Parlando di guests non possiamo non citare Nattefrost dei Carpathian Forest che a parte alcune backing vocals canta interamente la song “The Alienation Of A Blackened Heart”, un pezzo davvero alieno e con un’attitudine che oserei definire punk/anarco-nichilista. Bellissima è anche la parte multimediale del disco che oltre a presentare una quantità assurda di notizie e credits del disco, contiene anche il video della title track.

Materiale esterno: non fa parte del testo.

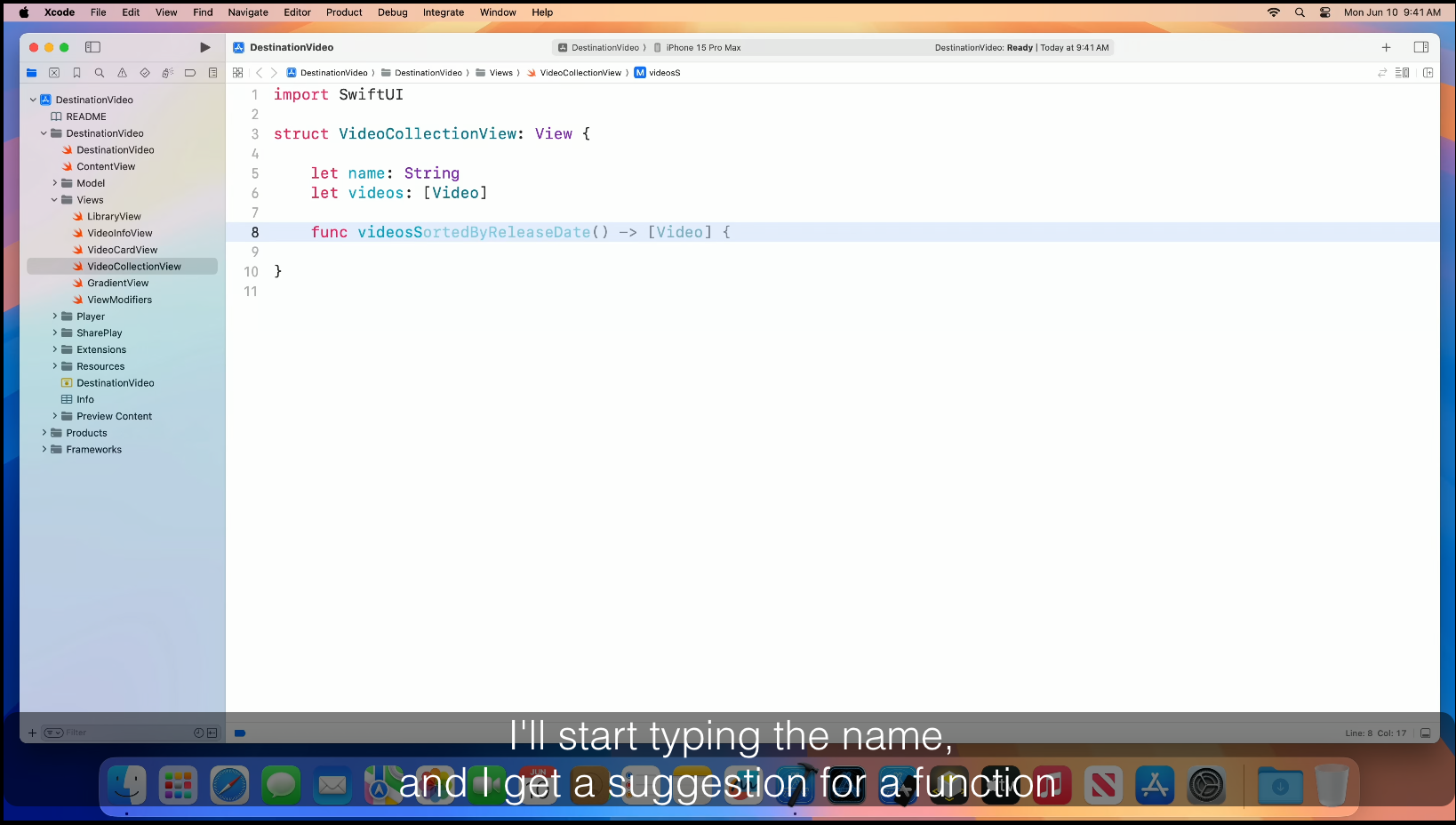 Swift Assist completing a description to code generation task, integrated into XCode.

Tirando le somme possiamo dire che gli Aborym hanno messo a segno un colpo davvero ottimo, quella che abbiamo di fronte è una band matura che è riuscita a creare un sound quasi unico nel quale la furia primigenia del black metal si sposa alla perfezione con le atmosfere glaciali, digitali e “quadrate” che la tecnologia mette a disposizione. Forse oggi nessuno suona come gli Aborym. Un vero calcio nelle palle ai detrattori e ai criticoni, me compreso. I complimenti.